The following classifiers support multilabel - Decision Tree, Random
> Forest, Nearest Neighbor and Ridge Regression.


By changing the binarizer to MultiLabelBinarizer, and the LinearSVC
reference to one of the supported classifers, I was able to get this to run
to completion. The predict(X) method returns only a single class, I used
predict_proba(X) to get a vector of probabilities for each class. You
probably need some sort of cutoff to determine if something is in a class
or not. My changes are as follows.
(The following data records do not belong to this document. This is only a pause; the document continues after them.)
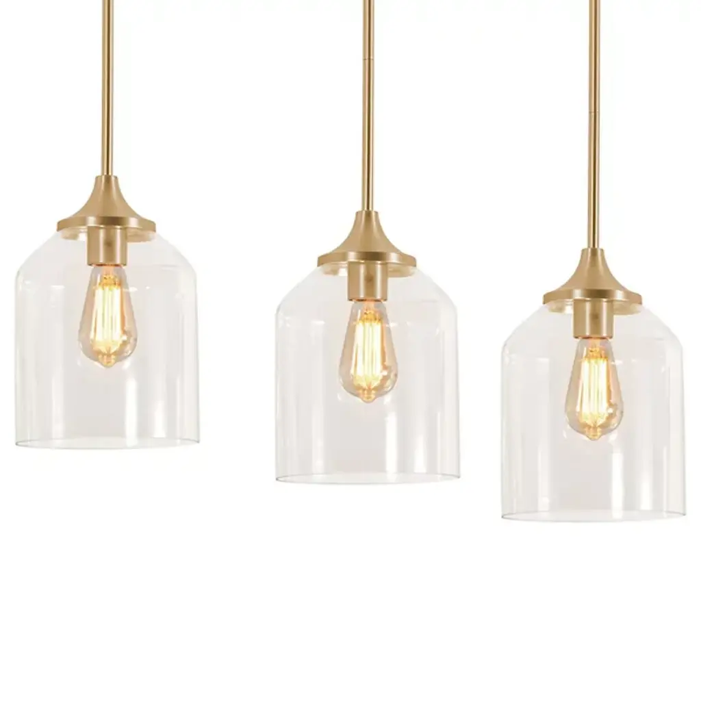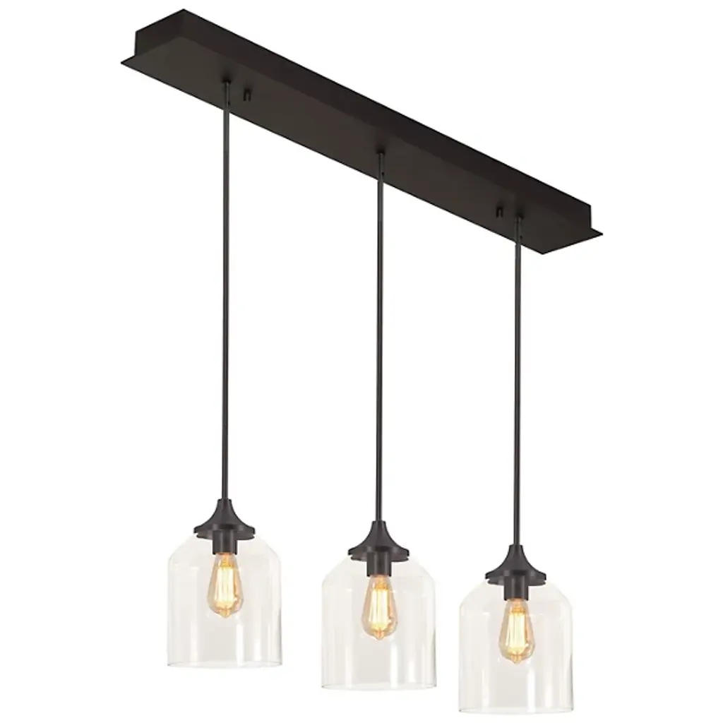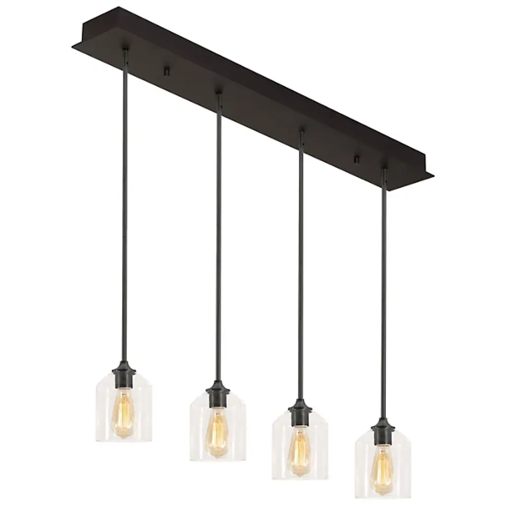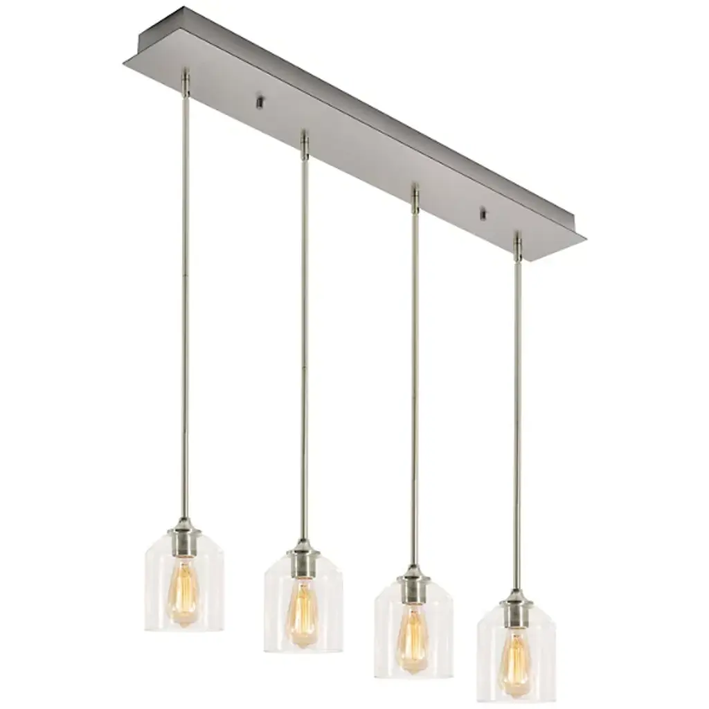 Refresh your home’s interior design with the William Multi-Light Linear Suspension by AFX Lighting. This ultra-modern pendant features a long block base with multiple supporting rods hanging in symmetry. Clear glass bowl-shaped shades sit at the end of each rod, each shade holding a lighting element. Mount this pendant on the ceiling to fill the space above your kitchen island or dining table. A dimmer switch is included and is perfect for creating ambiance.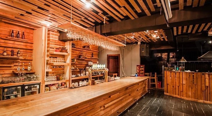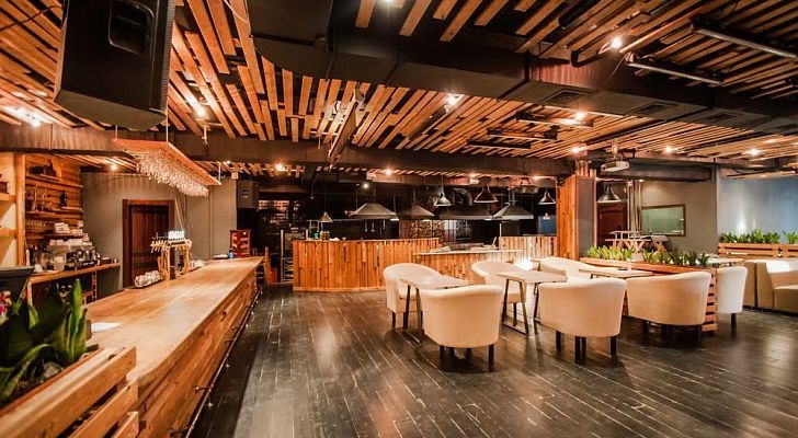 В отделке ресторана использованы деревянные доски, неплотно подогнанные друг к другу. Зелень в высоких ящиках оттеняет светлый интерьер и зонирует столики. Пока гости расслабляются на мягких полукреслах, официанты подносят блюда на ледяных подушках, куске камня, в капустном кочане.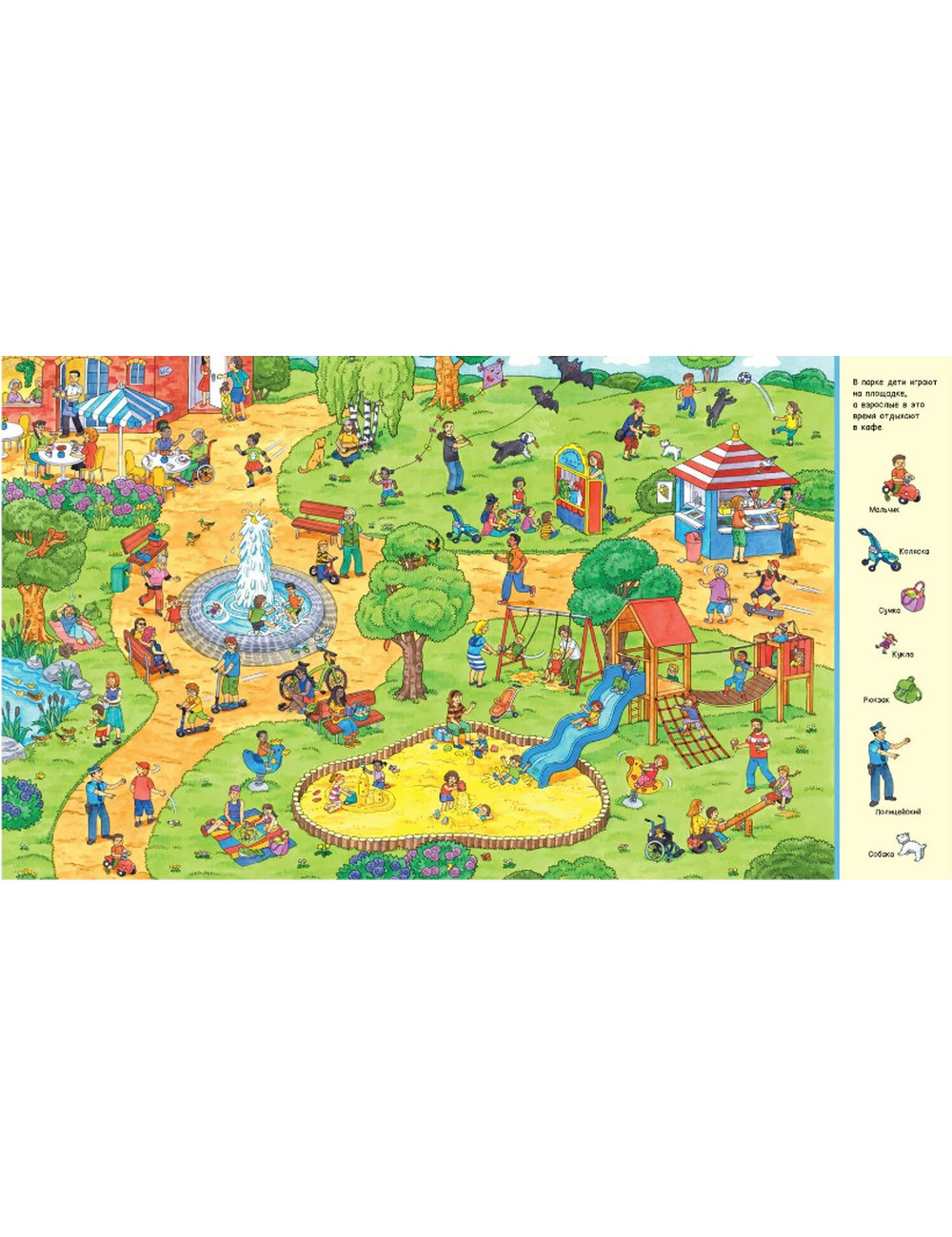 Вместе с любимыми героями ребёнок совершит увлекательную прогулку по самым разным детским площадкам: попрыгает на батуте, скатится с горки в аквапарке и даже поможет потерявшемуся малышу найти маму. Виммельбух — это отличная тренировка логики, внимательности и усидчивости, а ещё развитие фантазии и речи. Яркие большие иллюстрации с кучей деталей и задания на поиск предметов увлекут ребёнка и пробудят в нём любопытство.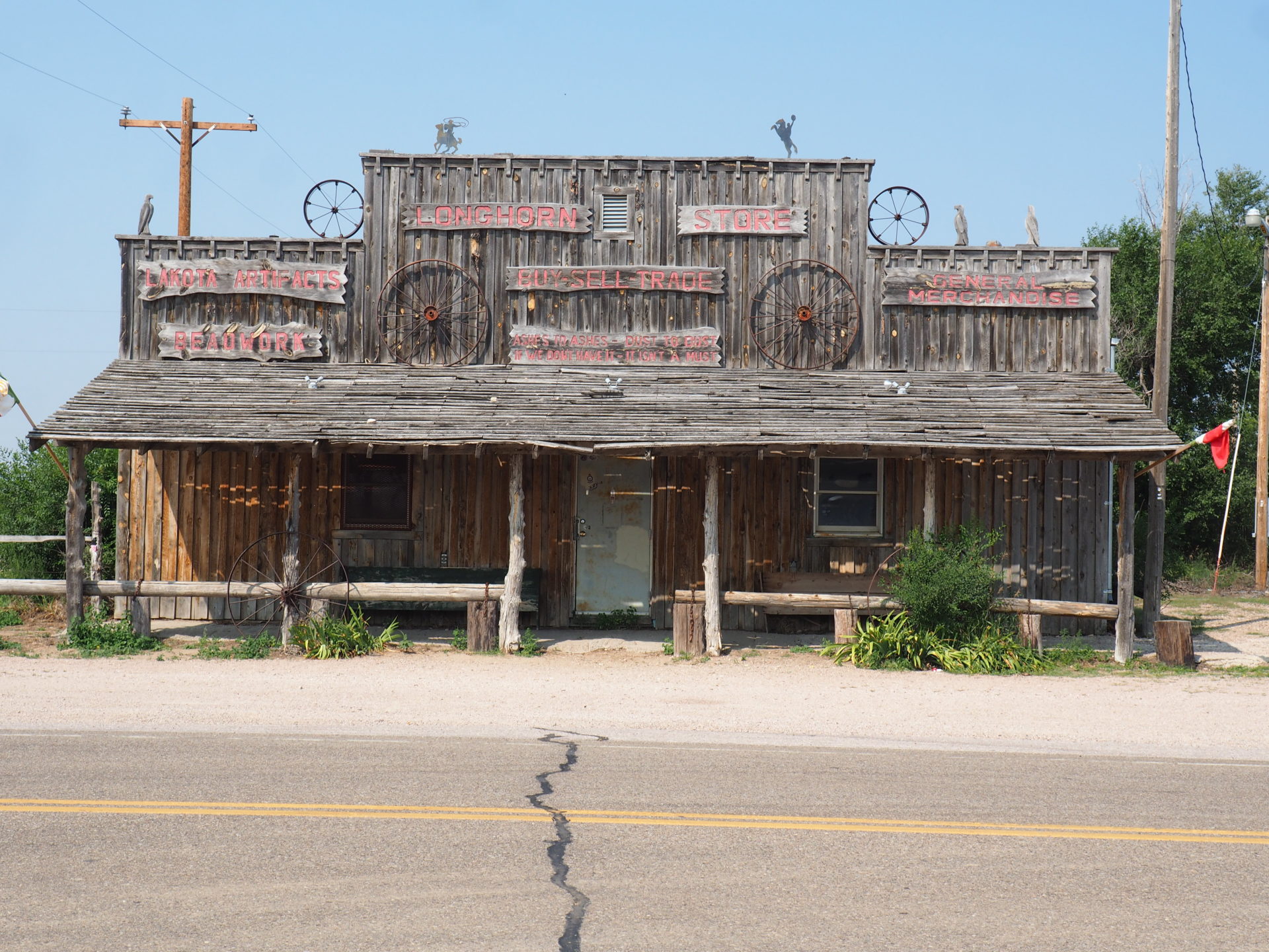 The area still has that wild wild west feeling. Most of the buildings in the direct area around Badlands are in decay and give a glimpse into the past. I’m mean – just look at it. ↓ The village of Longhorn – almost a ghost town – could have been pulled out straight of an old western.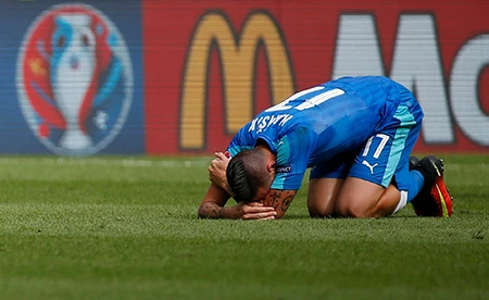 Không muốn chia điểm với Slovakia, Bale cùng các đồng đội gia tăng sức ép và liên tục tấn công vào cuối trận. Phút 81, từ pha đột phá của Ramsey, bóng nảy đến chân Robson-Kanu, nhanh như cắt, tiền đạo này ập vào tung cú sút sệt đưa bóng qua hai chân hậu vệ Jan Durica vào góc xa làm thủng lưới của thủ môn Kozacik, ấn định chiến thắng 2-1 cho Xứ Wales.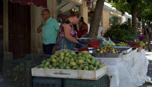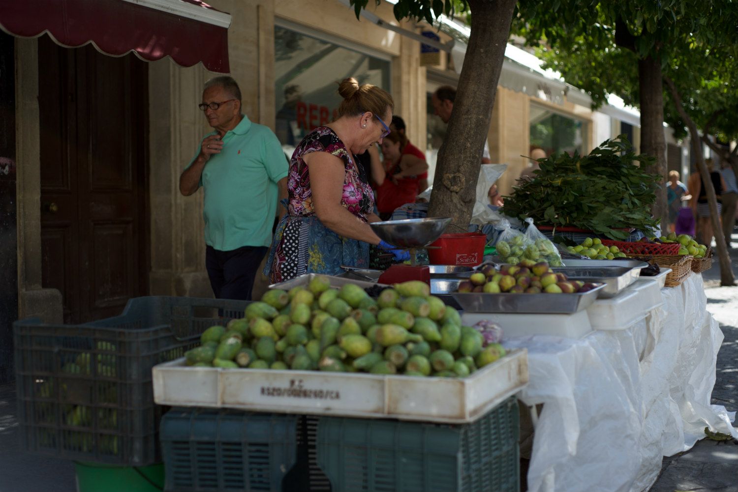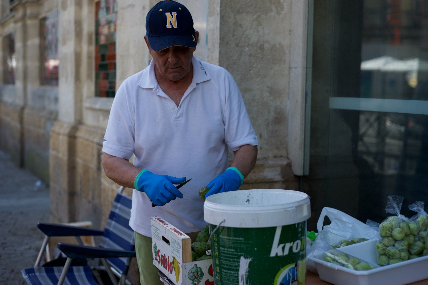 Isabel Prieto, vecina de la calle Sol, tiene 58 años y ya casi ni recuerda los que lleva en su puesto de Doña Blanca. Empezó de niña, ayudando a su madre, y “haga frío, calor o diluvie” planta sus mesas y su género a eso de las ocho de la mañana, que desmantela sobre las dos de la tarde cuando la calle se despuebla. Antiguamente, incluso, se veía corriendo delante de la Policía. Afortunadamente hace años que ni ella ni el resto de vendedores tienen problemas, aunque no tengan ningún tipo de licencia. “Esta es la vida de los pobres. Si nos quitan esto no tenemos nada”. A la sombra de un naranjo vende algarrobas, ajos, limones, laurel, pero ahora en verano, sobre todo, higos chumbos. “Veremos si hay el año que viene”, advierte.

Replacing the binarizer:

#lb = preprocessing.LabelBinarizer()
> lb = preprocessing.MultiLabelBinarizer()
> Y = lb.fit_transform(y_train_text)


Replacing the classifier to one of the supported ones in the pipeline.

> classifier = Pipeline([
>     ('vectorizer', CountVectorizer()),
>     ('tfidf', TfidfTransformer()),
>     ('clf', OneVsRestClassifier(RandomForestClassifier()))])
> #    ('clf', OneVsRestClassifier(KNeighborsClassifier()))])
> #    ('clf', OneVsRestClassifier(LinearSVC()))])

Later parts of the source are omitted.